Happy endings can often be earned. But more often than not, the truly satisfying, effective happy ending isn’t an ending at all. It’s an opening up, a widening of possibilities and visions. When a happy ending is stuck onto the end of a story, it causes stagnation. It tells the reader, “life ends at the end of this story.” I’m reminded of a quotation from Frank Herbert’s novel Dune, which, paraphrased, is that a road followed precisely to its end leads precisely nowhere. Life isn’t a happy ending; it’s a complex, ever-changing pathway.

So happy endings are a bit of an oxymoron; we’re only happy when we’re allowed to continue growing, changing, and doing the things we love. In order to be happy, we need to be challenged, thoughtful, learning, disappointed, angry, learning more.

How to avoid the happy ending pitfall

So how do you keep from following a road to a dead end? A good happy ending shows that a writer has been thinking about what his character would really want in life. It’s not the outward accumulation of a house, car, and beautiful spouse. It’s often some sort of new opportunity or escape — an opportunity to change the life a character currently has, or an escape from the ills of the present. It’s never a dead stop in a pretty house somewhere. It’s a chance to keep living, to become more oneself, to look out on a new or familiar and dear horizon. Think carefully about what your character wants — and don’t quite let him or her have it. Let the road unfurl before his feet. Let her see the promised ship on the horizon. But let the reader take those last steps for happiness in her imagination, after the book is done.

From → The Writing Life

3 Comments
  1. Elemarth permalink

    I like to lead my character to the correct path, where they see how to get to happiness, and they have the ability to do so. Of course, this can only work in certain books and genres. Another way you could make the reader feel like the story continues after the last page is to point out the next adventure. For instance, we’ve defeated the Dark Lord, but now someone is going to have to stop the kingdom from falling into anarchy, and that might be even worse than the original problem!

  2. mary brady permalink

    I think it is fine to have an ‘upbeat’ ending, just not a cliche “happy ending.” My characters & their situations tend to be rather quirky. Ending with a small incident that implies (modest) hope for their future works pretty well for me, I think.

    Of course, some of my stories end in complete bloodbaths for both the good & bad guys.(‘Life is not fair!’) Another novel ends with the villain (an old woman) being shot through the head by the kindly town grocer, an accomplished hunter.(‘Don’t judge people by their appearance!’)

    And one story ends with a young ex-con starting to change his ways with the help of a socialist ‘commune,’ of sorts, formed by other ex-cons in Depression-era Chicago. (‘Yes, Bertha, many US citizens liked socialism & openly said so in the 30s!’)

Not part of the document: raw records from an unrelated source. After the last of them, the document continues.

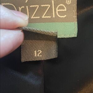 Size 12. Could fit a smaller or larger in my opinion, very forgiving. I am a medium in coats and it fits me perfectly. Velvet with satin type lining. Excellent condition. Inner and outer belt tie.
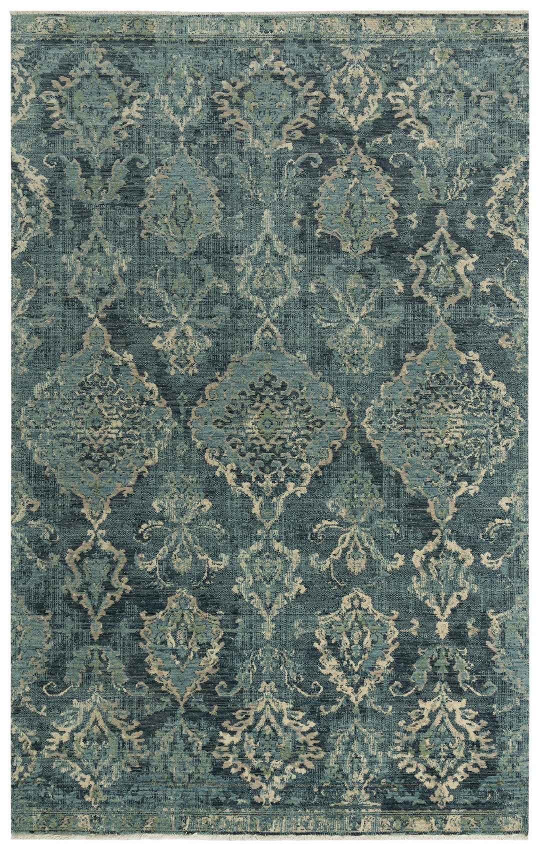 Beautifully complete your transitional, industrial look using the Platinum Blue, Beige, and Ivory Distressed Classical Rug. It is side woven using soft 100-percent wool blend, then stone washed, sheared, and surged by hand. Featuring a distressed, classical floral pattern, the .25-inch fringe finishes the short-piled rug to perfection.
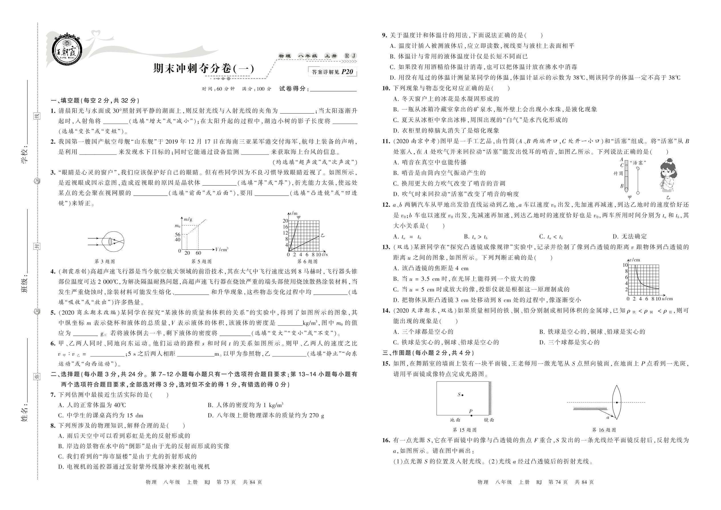 2021上册八年级物理人教版 期末冲刺夺分卷(一)
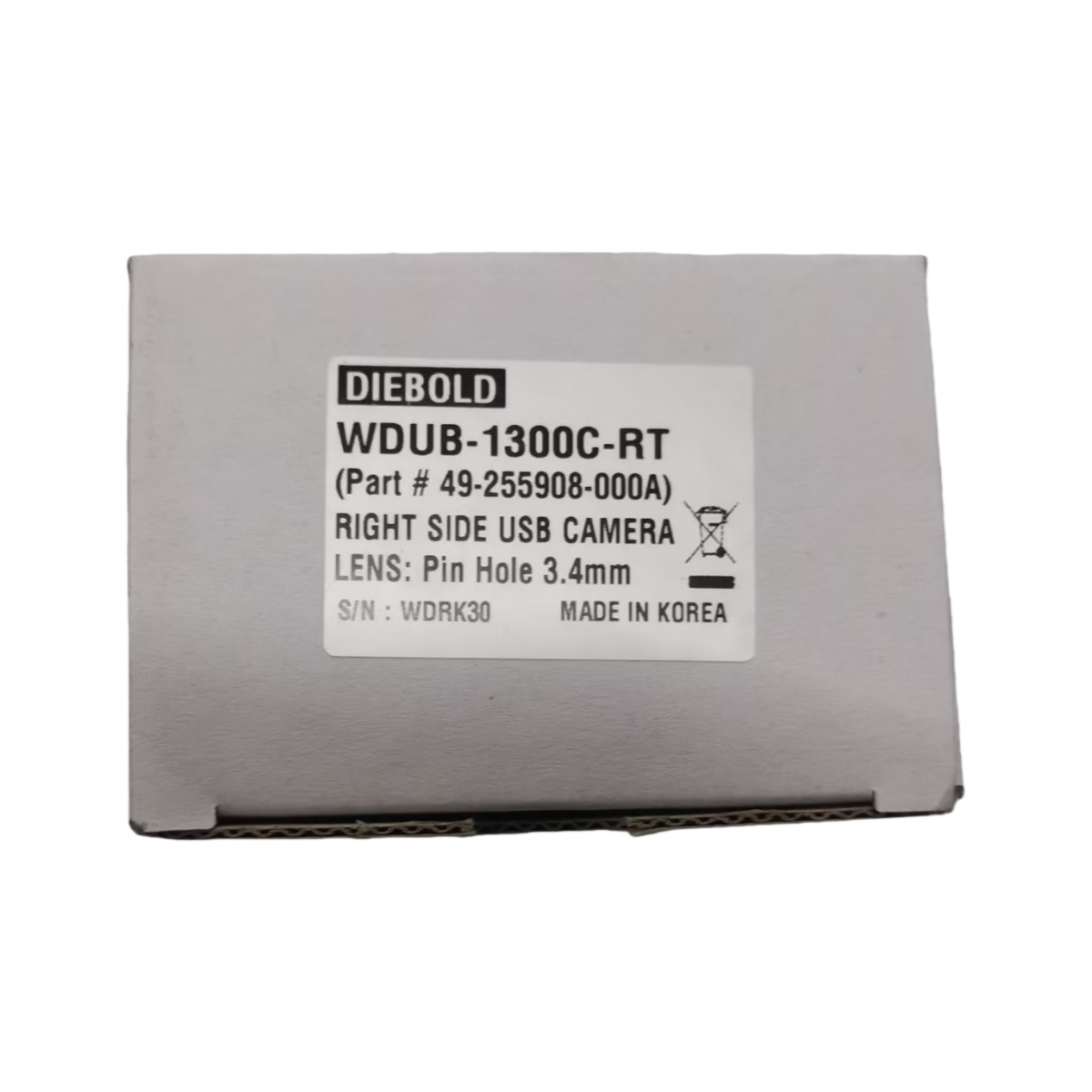 Diebold WDUB-13DDC-RT Micro Camera diidentifikasi dengan nomor bagian 49255908000A dan nomor seri WDRI300095, memastikan keaslian dan jaminan kualitas.
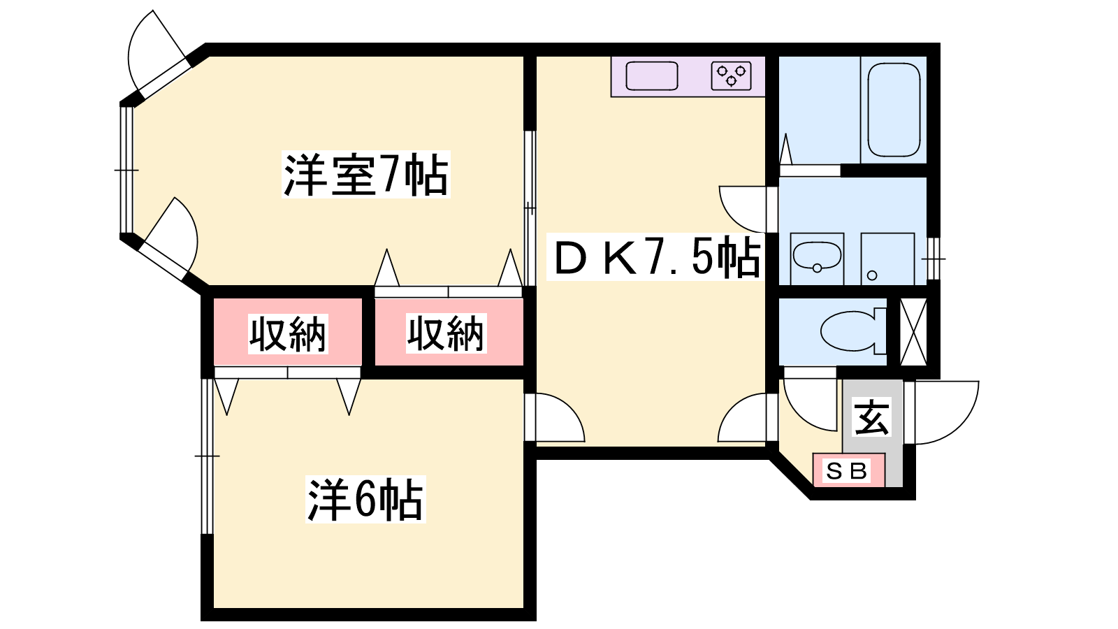 - DK7.5帖、洋室7帖、和室6帖
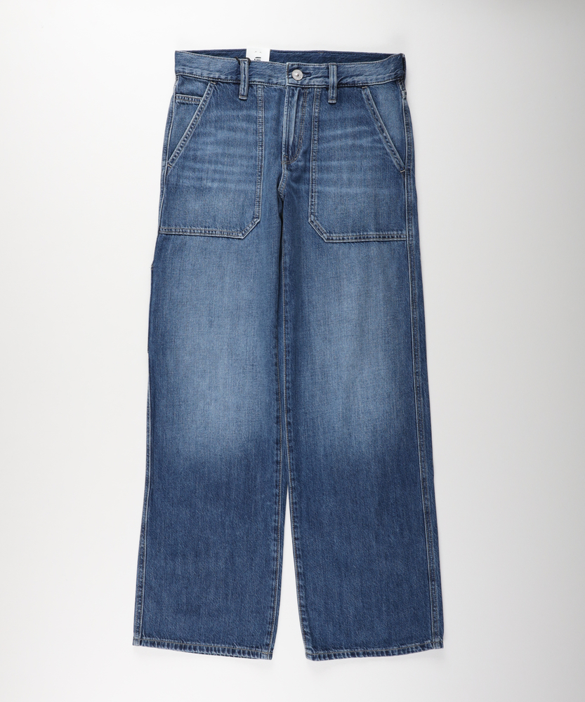 【仕様】カーペンダールーズジーンズは、ジッパーとボタンで開閉するスタイルのルーズフィットのローライズジーンズ。リラックスしたシルエットが特徴で、カジュアルなスタイルにぴったりです。大きめのポケットがデザインのアクセントとなり、機能性も兼ね備えています。【素材】 100%再生型コットンを使用し、環境に配慮した素材感が魅力です。しっかりとした生地感で、耐久性と快適さを兼ね備えています。デニム特有の風合いが、着るほどに愛着を感じさせるアイテムに仕上がっています。 【スタイリング】 シンプルなTシャツやスウェットと合わせて、カジュアルなスタイルを楽しむのがオススメ。スニーカーやブーツと組み合わせることで、リラックスした雰囲気を演出。デイリーユースに最適な一着として、クローゼットに加えたいアイテムです。
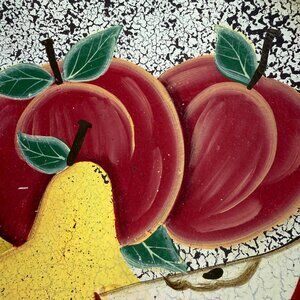 Decorative Wooden Bowl Painted Fruit Apple Pear Design Farmhouse Rustic Decor. HAS ALOT OF DISTRESSING AND SIGNS OF WEAR, CRAZING, CRACKLE FINISH. Unbranded. Nice decorative piece for your farm, country, cottage core look.
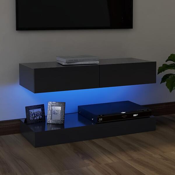 vidaXL TV Cabinet with LED Lights Grey 90x35 cm
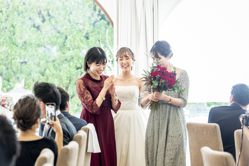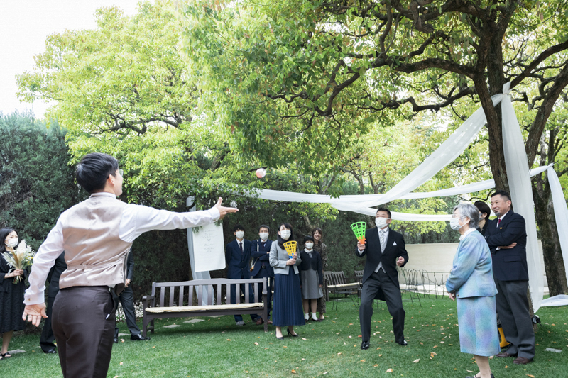 ご家族を大切になさっているおふたりのご結婚式。ガーデンで過ごすお時間にはナツキさまからブーケトスを、野球好きのルイトさまからはご両親へボールトスをされ、そのボールの中には気持ちのこもったメッセージが綴られていました。披露宴中のムービーやお手紙では感動に包まれ、歓談中は笑い声で溢れる、心がほっこりとさせられるような素敵な一日でした。
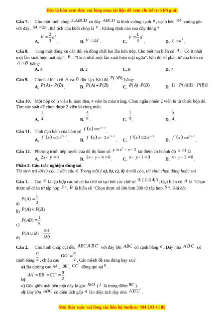, thể tích của khối chóp là . Khẳng định nào sau đây đúng ? A. . B. . C. . D. . Câu 8.
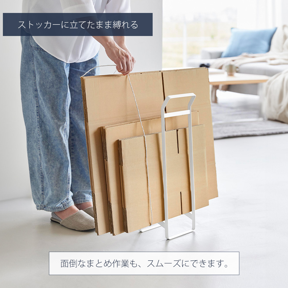 散らばりがちなダンボールをすっきりまとめて収納でき、そのまま持ち運びもできる便利なストッカーです。ダンボールを立てたままひもで縛れるため、まとめ作業もスムーズに行えます。取っ手付きで持ち運びやすく、処分や移動の際にも便利。オープンタイプなので上からでも横からでもサッと収納でき、サイズの異なるダンボールもまとめて整理できます。スリムな設計で省スペースに置けるほか、フック付きでカッターなどの小物も収納可能。日々増えがちなダンボールをすっきり整理できる便利な収納アイテムです。
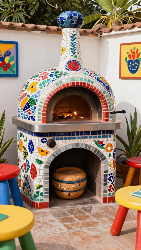 Incorporate artistic tiles around the pizza oven for a standout feature and choose colorful furniture and accessories to enliven the space. Create a mural or artwork on a nearby wall to enhance the aesthetic further.
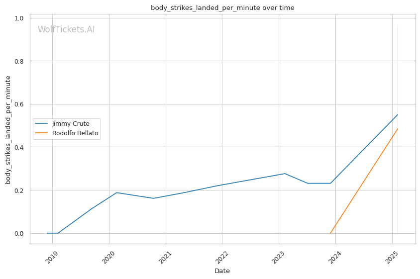 | Stat | Jimmy Crute | Rodolfo Bellato | Weight Class Average | |
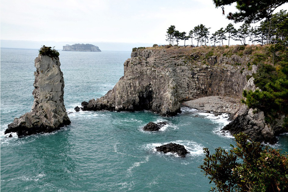 주변 해안은 파도의 침식으로 만들어진 해식절벽과 해식동굴이 절경을 이루고 있다.
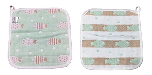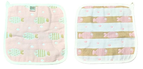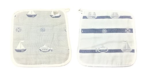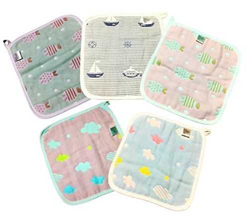 6重 ガーゼタオル ハンカチ 25CM ベビー 子供 幼稚園 保育所 ループ付 (5枚セット, 雲・魚・ヨット)
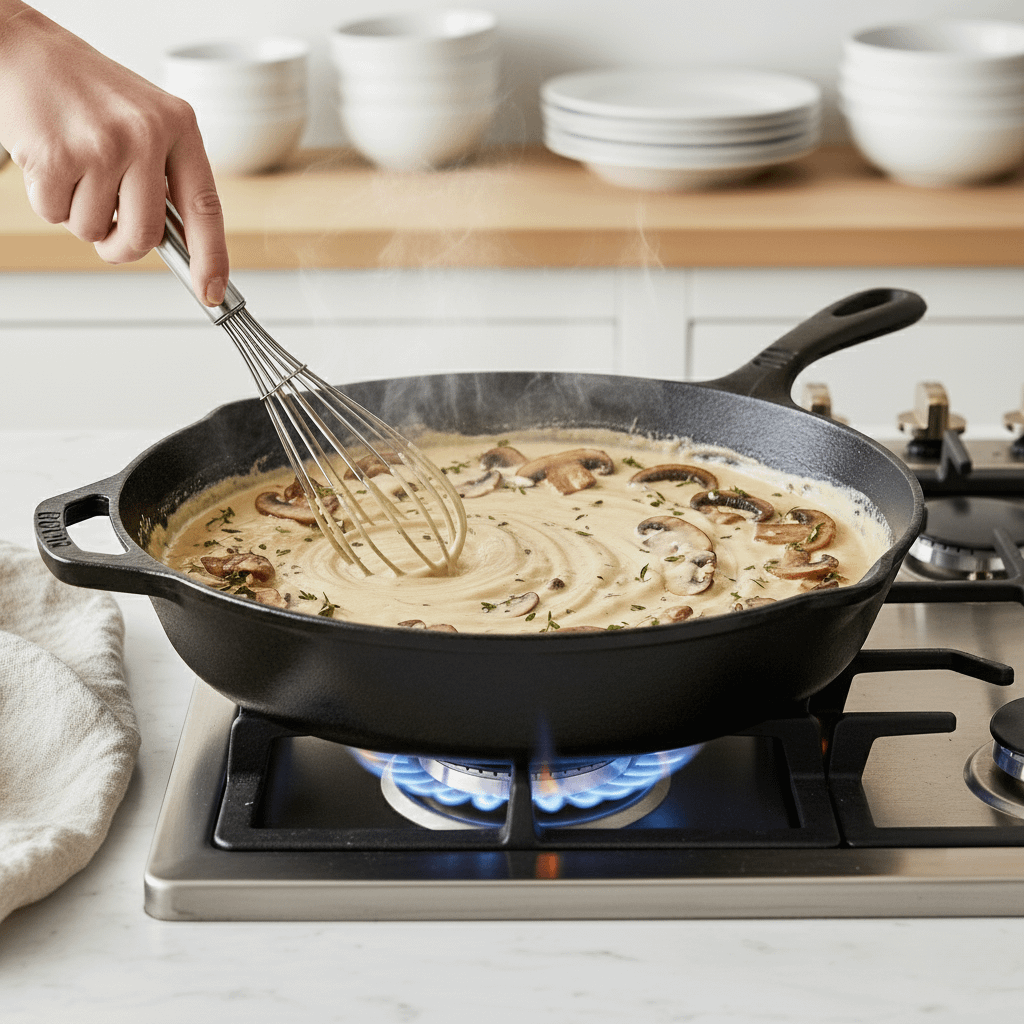 Now, build that luscious mushroom cream sauce. In the same pan, we’ll sauté fresh mushrooms until deeply browned, then create a simple, creamy sauce with broth, cream, and herbs. This is the heart of our casserole.
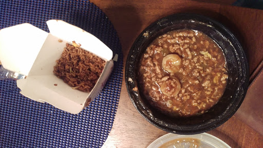I really wouldnt recommend ordering take out from this place. I tried new dragon for dinner tonight because it was rated highly, and the prices are reasonable. I ordered the shrimp with lobster sauce combo pictured above. While the shrimp itself was cooked perfectly, the sauce was overly thickened, with almost a gelatinous consistency. The dish was also filled with an overabundance of overcooked ground pork which made the whole meal taste like I was eating microwaved ground pork mixed with soysauce. The fried rice which came with meal was better, but marginally so. The roasted pork pieces were very dry, and the rice was overly salty. The egg roll was interesting, as it was filled with a dark green vegetable I couldnt identify.. possibly broccoli.. nothing to write home about. Needless to say, I wont be eating here again and would not recommend new dragon to anyone. The staff were nice at the front counter, and they can properly cook shrimp, but since all other aspects of the meal were lacking, Ill take my business elsewhere in the future.
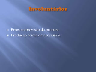 Existem dois tipos de stocks: involuntários, causados por erros de previsão, e deliberados, usados para nivelar procura, compensar irregularidades na produção, ter segurança contra avarias, e produzir em lotes grandes. Os stocks objetivam minimizar variações na procura, desacoplar produção e vendas, permitir compras em quantidade para obter descontos, e prevenir falta de produtos. Contudo, stocks excessivos tornam-se inúteis e onerosos para a empresa.
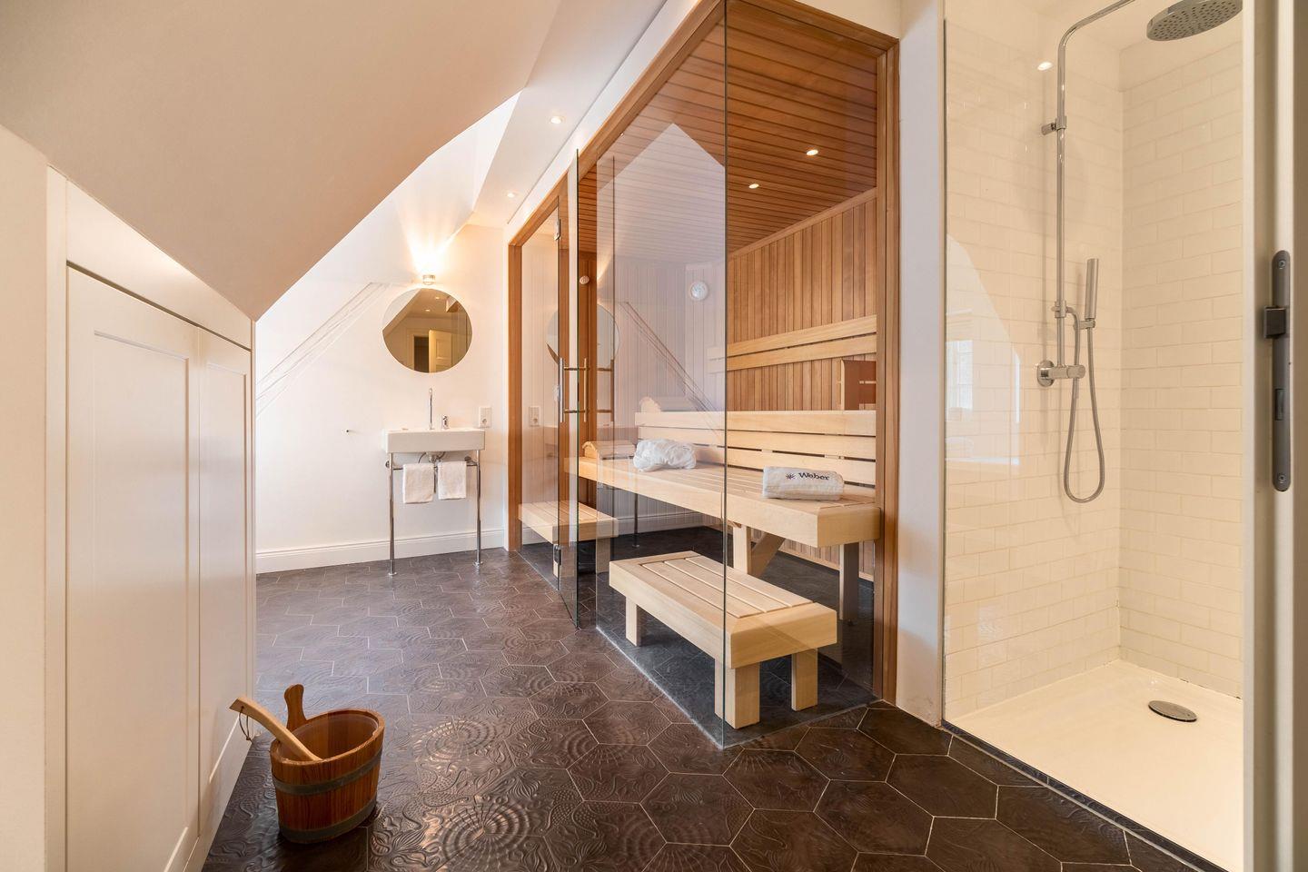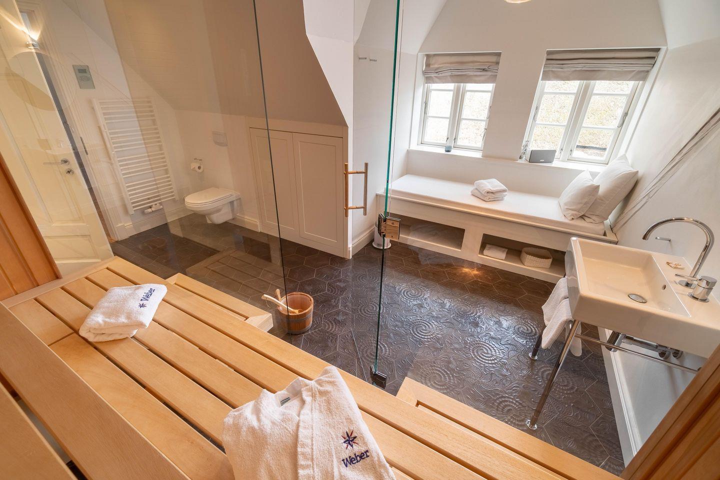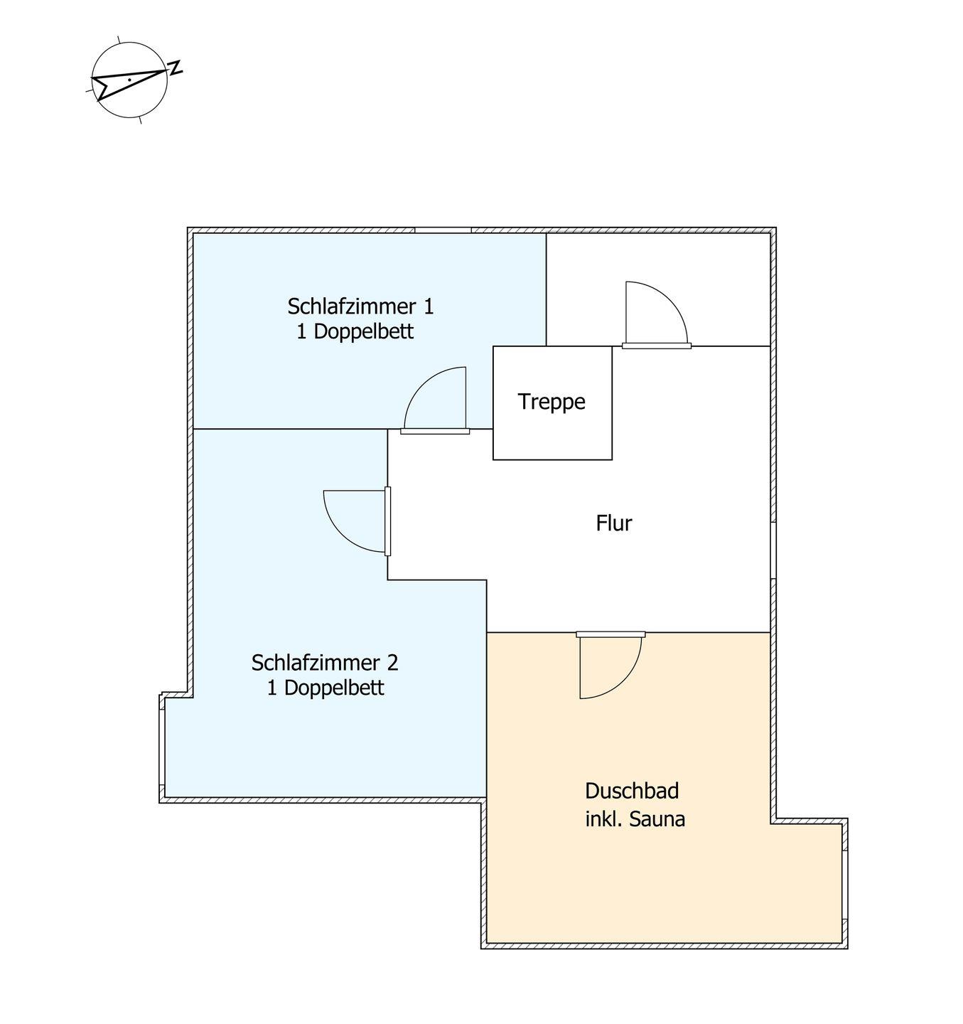 Im Obergeschoss befinden sich die beiden Schlafzimmer, sowie das zweite Duschbad und die hauseigene Sauna.
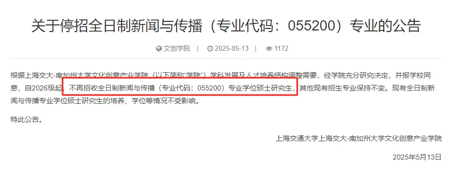 自2026级起,不再招收全日制新闻与传播(专业代码:055200)专业学位硕士研究生,其他现有招生专业保持不变。

    (Most of us STILL like many aspects of socialism only now we cannot say so out loud.)

    BLH, your post nailed it. No ‘drop-dead’ endings where everything is tied up in a bow & set on the shelf, & characters flat-line it, in perfect happiness, until they die.

    Life is messy & always changing, evolving; a story’s “ending” will always be the start of the characters’ next phase–dead OR alive. There may have been a bloodbath, after all…

    Will someone please put me out of my misery & tell me the correct terms? Blair, do you write a daily ‘post’ to your blog, or a ‘posting,’ or what? And am I writing a ‘comment’ to your ‘recent post(ing)?’

    Whatever it is called, Blair, I love reading your ‘brief essays.’
    They’re wonderful.

    L&K, MaryB

  3. I really appreciate and agree with this post, especially with the big “happy ending” punch in the gut that was the Harry Potter epilogue I was reminded of recently.

    The idea of a pleasant resolution is much more appealing than a happy ending. Leaving the characters on the up and up, even if every problem in their lives hasn’t been resolved is still very satisfying. I would rather see a character set on the right path with the right motivation to continue improving their situation than for everything to be conveniently resolved.